The Party organised a demonstration on 10-1-2014 at Chepauk Guest House, Chennai demanding enactment of Lok Ayukta Act and Right to services Act and also in other places in Tamil Nadu. On 18-1-2014, the party released draft Lok Ayukta Act in Chennai. MMK organised many signature campaign all over Tamil Nadu for about 4 months commencing from February, 2014. Thereafter, the party organised a march from Kannyakumari to Madurai from 18-4-2015 to 29-4-2015 demanding enactment of Lok Ayukta Act and Right to services Act. Subsequently, the party organised a three-day hunger fast at Valluvar Kottam, Chennai from 19-1-2016 to 21-1-2016 and conducted a demonstration on 3-2-2016 in front of Chennai Collector Office demanding enactment of Lok Ayukta Act and Right to services Act. A modified draft Lok Ayukta Act was released on 15-2-2016 at Saidapet, Chennai. Further, MMK organised many Anti-corruption pledge taking programs to create an awareness among the people of Tamil Nadu. On 6-3-2016, MMK organised massive public meeting at Mankollai in Mylapore, chennai to bring Lok Ayukta in Tamil Nadu wherein Supreme Court Senior Counsel and anti-corruption activist Mr.Prasanth Bhusan addressed.

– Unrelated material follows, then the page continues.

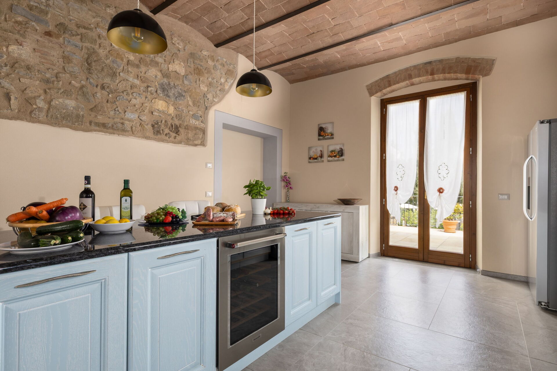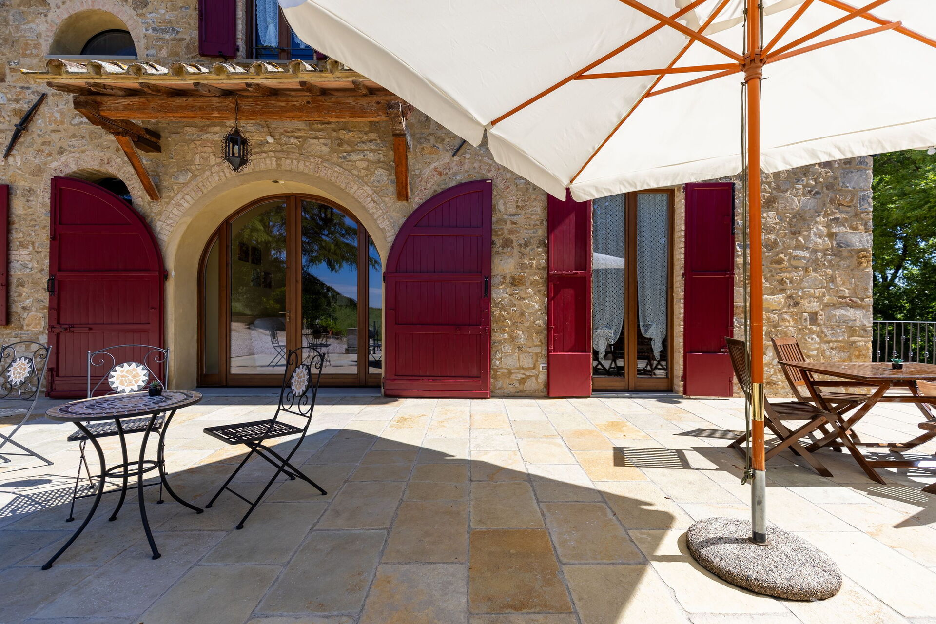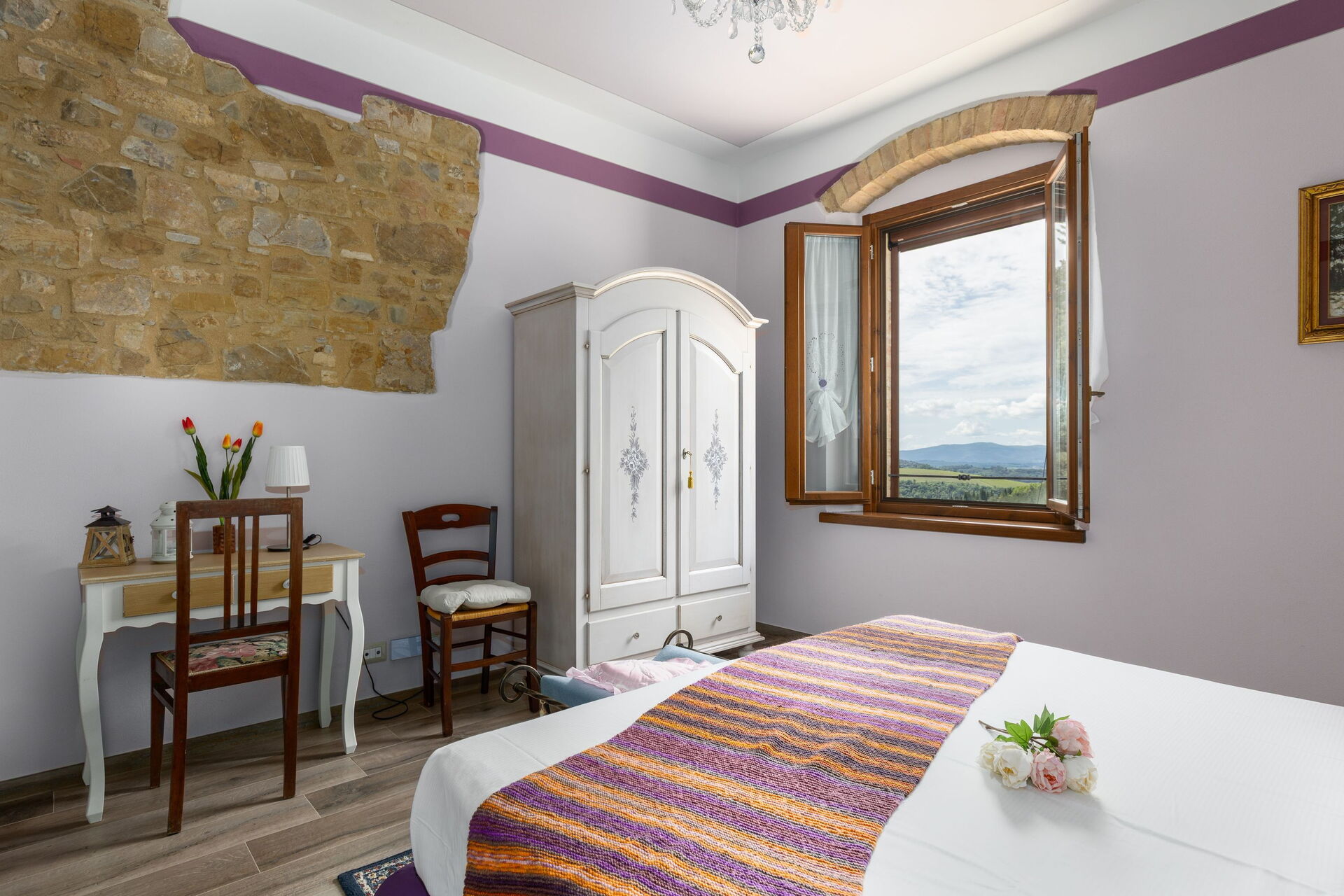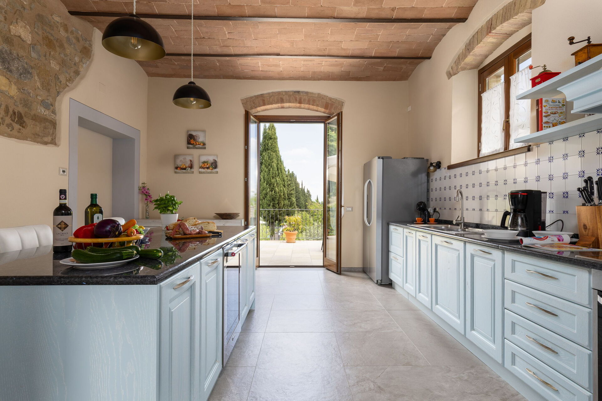 Udendørs er der en terrasse med borde og stole, så gæsterne kan nyde måltider under åben himmel med smuk udsigt over landskabet. Den velholdte have, med en fuldt indhegnet pool og liggestole, er det perfekte sted at slappe af på solrige sommerdage i Toscana.

===Tamizhaga Murpokku Makkal Katchi===
The party General Council meeting held on 21-04-2017, resolved to change the party’s name to Tamizhaga Murpokku Makkal Katchi (Tamil தமிழக முற்போக்கு மக்கள் கட்சி) and the Election Commission of India by way of notification dated 18-10-2017 has approved the amended name. Thus, MMK has been renamed as Tamizhaga Murpokku Makkal Katchi.